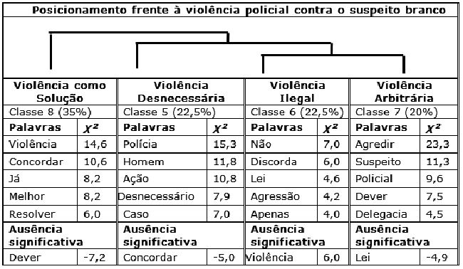No que se refere à concordância com a violência policial (classes 1, 3 e 8), os participantes apresentaram argumentos semelhantes para ambos os suspeitos (branco e negro). As justificativas utilizadas para essa concordância são declaradas através de um repertório autoritário que visa defender-se contra um inimigo iminente, além do combate à criminalidade que, justificaria o uso da violência policial (Jackson et al., 2018; Lemgruber et al., 2017). Nestes julgamentos, a ação policial, mesmo em desacordo com a Lei, é percebida como eficaz e se fundamenta no seu emprego de caráter punitivo (Farias et al., 2017). Esse aspecto é importante porque a percepção de eficácia da ação policial é um fator legitimador da violência policial (Jackson et al., 2020).
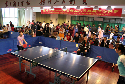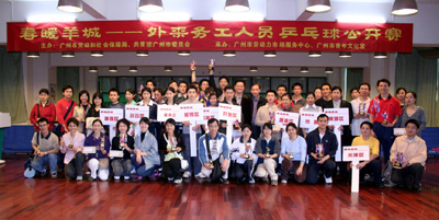 “春暖羊城——外来务工人员乒乓球赛”是今年广州春运工作开始的首项活动,也是春运“温馨服务”的系列活动之一,期望能通过乒乓球赛这种健康的竞技方式,为春节期间仍坚守岗位上外来务工人员送去温暖与祝福。球赛分男女混合团体赛、男子单打和女子单打三项进行,按国际惯例实行11分制和三局两胜制。经过初赛选拔后,各单位的精英好手组成了12支代表队,共68名运动员参加此次公开赛。
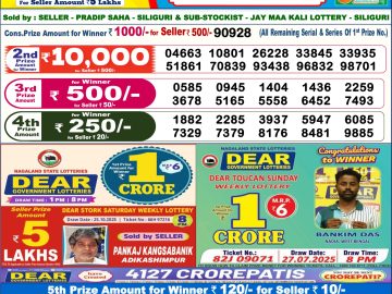 Nagaland State Dear Lottery Result Declared 1PM 07/11/2025
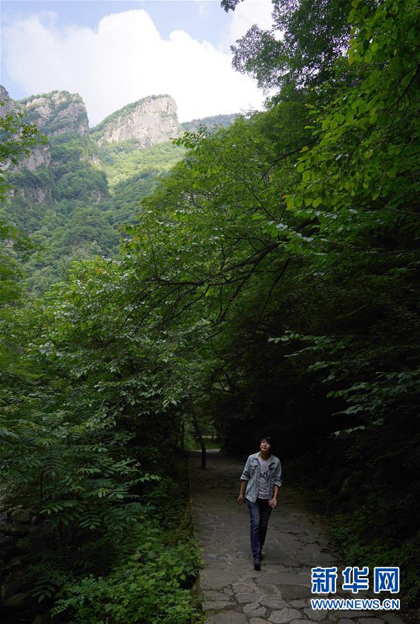 7月10日,游客在太白縣青峰峽景區(qū)游覽。 陜西太白縣青峰峽國(guó)家級(jí)森林公園位于秦嶺主峰太白山北麓,這里青山疊嶂,瀑布穿流,氣候涼爽,年平均氣溫7.6攝氏度,成為炎炎夏日中人們避暑休閑的好去處。 新華社記者 邵瑞 攝
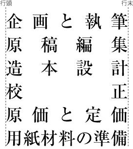 天・小口寄りに縦組で柱を配置した場合の例(図1-30参照) 基本版面との上下方向の空きは9ポイント(9ポ) 基本版面との左右方向の空き(入りともいう)は9ポイント(9ポ) |

□ □ □

• **Exercise description**:
Set down all of the material above exactly as written, leaving the pictures out.

• **Written solution**:
No que se refere à concordância com a violência policial (classes 1, 3 e 8), os participantes apresentaram argumentos semelhantes para ambos os suspeitos (branco e negro). As justificativas utilizadas para essa concordância são declaradas através de um repertório autoritário que visa defender-se contra um inimigo iminente, além do combate à criminalidade que, justificaria o uso da violência policial (Jackson et al., 2018; Lemgruber et al., 2017). Nestes julgamentos, a ação policial, mesmo em desacordo com a Lei, é percebida como eficaz e se fundamenta no seu emprego de caráter punitivo (Farias et al., 2017). Esse aspecto é importante porque a percepção de eficácia da ação policial é um fator legitimador da violência policial (Jackson et al., 2020).
 “春暖羊城——外来务工人员乒乓球赛”是今年广州春运工作开始的首项活动,也是春运“温馨服务”的系列活动之一,期望能通过乒乓球赛这种健康的竞技方式,为春节期间仍坚守岗位上外来务工人员送去温暖与祝福。球赛分男女混合团体赛、男子单打和女子单打三项进行,按国际惯例实行11分制和三局两胜制。经过初赛选拔后,各单位的精英好手组成了12支代表队,共68名运动员参加此次公开赛。
 Nagaland State Dear Lottery Result Declared 1PM 07/11/2025
 7月10日,游客在太白縣青峰峽景區(qū)游覽。 陜西太白縣青峰峽國(guó)家級(jí)森林公園位于秦嶺主峰太白山北麓,這里青山疊嶂,瀑布穿流,氣候涼爽,年平均氣溫7.6攝氏度,成為炎炎夏日中人們避暑休閑的好去處。 新華社記者 邵瑞 攝
 天・小口寄りに縦組で柱を配置した場合の例(図1-30参照) 基本版面との上下方向の空きは9ポイント(9ポ) 基本版面との左右方向の空き(入りともいう)は9ポイント(9ポ) |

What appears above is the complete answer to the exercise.